ORDO BEATAE MARIAE VIRGINIS DE MERCEDE
REDEMPTIONIS CAPTIVORUM
REDEMPTIONIS CAPTIVORUM
CURIA GENERAL
ERECCIÓN DEL CONVENTO
"NUESTRA SEÑORA DE LA MERCED" - LEÓN
A los dilectos hijos que leen estas letras, salud y paz de parte de Jesucristo, el Señor:
“¡Él nos libró del dominio de la oscuridad y nos trasladó al reino de su amado Hijo, en quien tenemos redención y perdón de pecados.»!”
Nosotros, en virtud de la autoridad que nos confiere el derecho y conforme a las Constituciones y al carisma propio de la Orden de la Bienaventurada Virgen María de la Merced, así como oído el parecer de los Consejos competentes,
CONSIDERANDO Que la vida consagrada, por la profesión de los consejos evangélicos, edifica al Pueblo de Dios y coopera eficazmente a la misión evangelizadora de la Iglesia;
CONSIDERANDO Que el carisma mercedario, nacido para la redención y el servicio de los más necesitados, continúa siendo de gran actualidad pastoral y misionera;
CONSIDERANDO Que se ha constatado la conveniencia pastoral y espiritual de establecer una presencia estable de la Orden de la Merced en la ciudad de León, Nicaragua;
CONSIDERANDO Que existe idoneidad de personas, medios y condiciones para la vida fraterna, la oración comunitaria y el ejercicio del ministerio apostólico;
CONSIDERANDO Que se cuenta con el consentimiento de la autoridad eclesiástica competente, conforme a lo establecido por el derecho canónico;
DECRETAMOS:
Art 1. Por el presente decreto, erigimos canónicamente el Convento de Nuestra Señora de la Merced, perteneciente a la Orden de la Bienaventurada Virgen María de la Merced, en la ciudad de León, Nicaragua.

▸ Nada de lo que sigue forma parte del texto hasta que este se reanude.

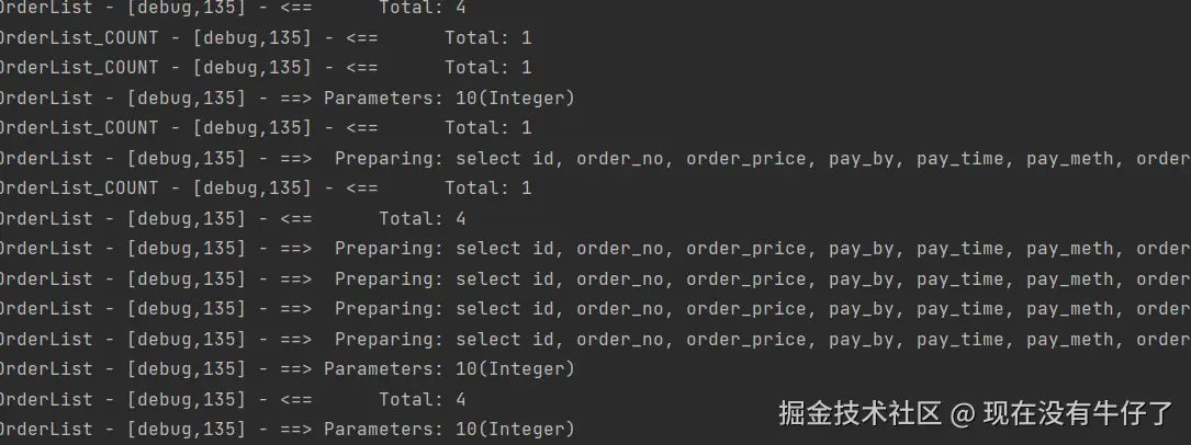可以看到,吞吐量已经恢复正常了,并且后台也只有一条查询数据库的记录,这是因为添加互斥锁之后,只有当前获取了锁的线程成功的将数据库中的数据存储到缓存中之后,才能继续进行读的操作。并且这个锁是读写互斥,读读不互斥的,所以当有了数据之后,其他的线程都可以同时查询数据。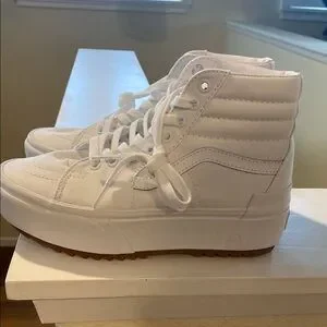 Elevate your look with these Vans platform high-tops. All-white design for a clean, modern style.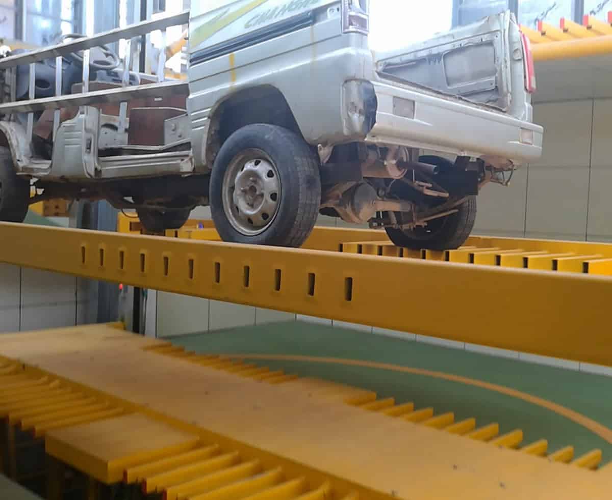 停车楼垂直升降机械车库采用与电梯类似的原理与结构,司机只需要将车停到出入口,汽车升降机将自动把车辆提升并搬运到更近的空车位,完成整个停车过程。是一种空间利用率非常高的设备。常规为55平方米左右的土地容纳50个车位,高度为45米,更大优点是占地面积小,非常适合狭小地区停车使用,其可作为独立建筑,又可嵌入到原有建筑中,与主体建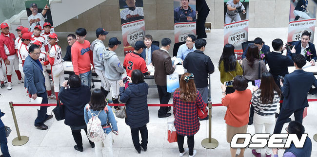 유희관 선수의 사인을 받기 위해 많은 사람들이 줄을 서고 있다.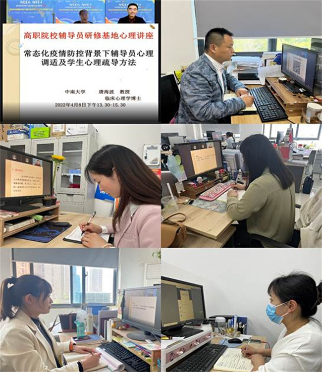 第二個(gè)專題由中南大學(xué)心理健康教育與咨詢專家唐海波教授通過線上課堂講授的《常態(tài)化疫情防控背景下輔導(dǎo)員心理調(diào)試及學(xué)生心理疏導(dǎo)方法》,此次講座為“第一期全國高職院校輔導(dǎo)員高質(zhì)量發(fā)展系列講座”。唐教授通過講述高壓工作環(huán)境下的焦慮情緒自我調(diào)節(jié)技巧,使輔導(dǎo)員老師們學(xué)會(huì)心理咨詢的助人自助,學(xué)會(huì)更有效的途徑促進(jìn)學(xué)生的身心健康和自身素質(zhì)的全面發(fā)展。通過此次專題系列培訓(xùn),輔導(dǎo)員們紛紛表示收獲頗多,受益匪淺,今后要加強(qiáng)學(xué)習(xí),不斷提高綜合素質(zhì)和能力,對于心理問題學(xué)生做到早發(fā)現(xiàn)、早處置、早干預(yù)。

Art 2. El Convento queda constituido como casa religiosa de la Orden, destinada a la vida fraterna en comunidad, la oración litúrgica, la formación religiosa y el ejercicio del apostolado propio del carisma mercedario, conforme a las Constituciones y al derecho universal de la Iglesia.
Art 3. El Convento y la obra pastoral confiada quedan bajo la autoridad del Superior competente de la Orden, sin perjuicio de la debida comunión y colaboración con el Obispo diocesano, según lo dispuesto por el derecho canónico.
Art 5. El presente decreto entrará en vigor a partir de la fecha de su promulgación, debiendo inscribirse en los archivos correspondientes de la Orden y comunicarse a quienes corresponda.